Abstract
BACKGROUND: Intracranial aneurysms (IAs) are more prevalent and rupture at smaller sizes in adults with sickle cell disease (SCD), compared with the general population, but evidence regarding treatment outcomes remains limited.
OBJECTIVE: To evaluate the safety and efficacy of coil embolization for unruptured IAs in adults with SCD.
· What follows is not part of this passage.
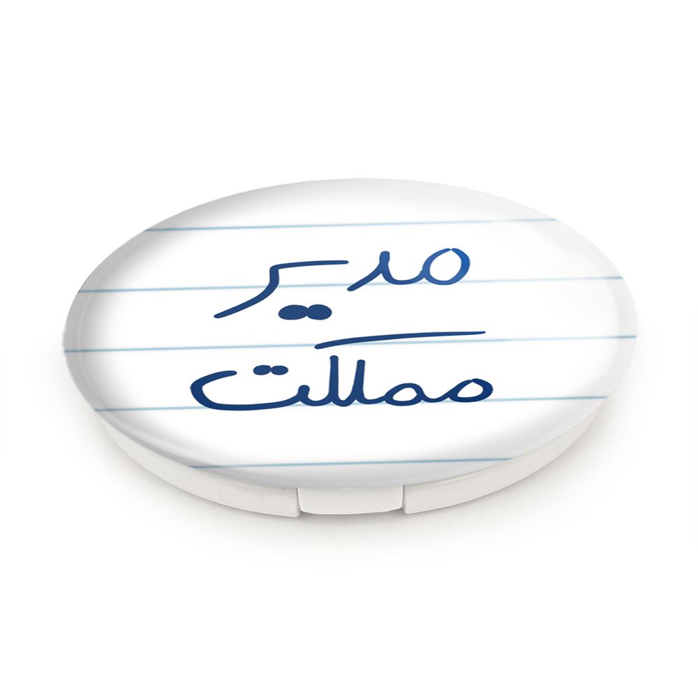 آینه های تاشو مدیر مملکت خندالو، از جنس پلاستیک فشرده ABS تولید شده و به رنگ سفید می باشد. یکی از آینه ها ابعاد واقعی را نشان داده و دیگری با قابلیت بزرگنمایی، جزئیات را بهتر نمایش می دهد. ابعاد هر یک از آینه ها، دایره ای به قطر 7.5 سانت می باشد که نه خیلی بزرگ و غیر قابل استفاده در کیف آرایشی ست و نه خیلی کوچک که تصویر خاصی در آن مشاهده نشود. آینه تاشو مدیر مملکت سایزی استاندارد و کارآمد دارد و در هر کیفی جا میگیرد. چاپ طرح بوسیله چاپگرهای دیجیتال شش رنگ با شفافیت و کیفیتی مثال زدنی بر روی یک وجه از بدنه ی آینه انجام گرفته و با روکش لمینت حرارتی پوشیده شده که در مقابل آسیب و خط و خش مقاوم بوده و کیفیت بالایی دارد. درب آینه بوسیله قفل بدنه ی آن، باز نمی ماند و کاملا بسته می شود و مناسب قرار گیری در کیف لوازم آرایش و کیف های کوچک دستی نیز هست. آینه های تاشو مدیر مملکت خندالو با تنوع طرحی بسیار بالا، سلیقه هر نوع مخاطبی را تامین میکند.

METHODS: We retrospectively reviewed consecutive adults with homozygous sickle cell disease (HbSS) who underwent elective coil embolization for unruptured IAs between 2010 and 2023. Clinical, hematological, procedural, and radiological data were analyzed. Primary endpoints were immediate and long term angiographic occlusion and periprocedural complications. Durable occlusion was defined as Raymond-Roy Occlusion Classification class I-II at the last follow-up.
RESULTS: 25 patients with HbSS (median age 50 years; 76% women) with 35 aneurysms were treated. All patients received exchange transfusion to sickle hemoglobin <30%. Immediate Raymond-Roy Occlusion Classification class I-II occlusion was achieved in 33 of 35 lesions (94%; 95% CI 81% to 98%). Two complications (5.7%) occurred: one intraprocedural aneurysm perforation resulting in death 2 days after treatment and one transient ischemic event without permanent deficit. At a median follow-up of 60 months (range 12-156), durable occlusion was observed in 94% (33/35; 95% CI 81% to 98%), with two retreatments. All surviving patients were independent (modified Rankin Scale score of 0-2) at the last follow-up.
CONCLUSIONS: Preventive coil embolization for unruptured IAs in adults with HbSS achieved high rates of durable occlusion with an overall acceptable safety profile in carefully selected cases when applied selectively within expert centers using a standardized hematologic optimization protocol.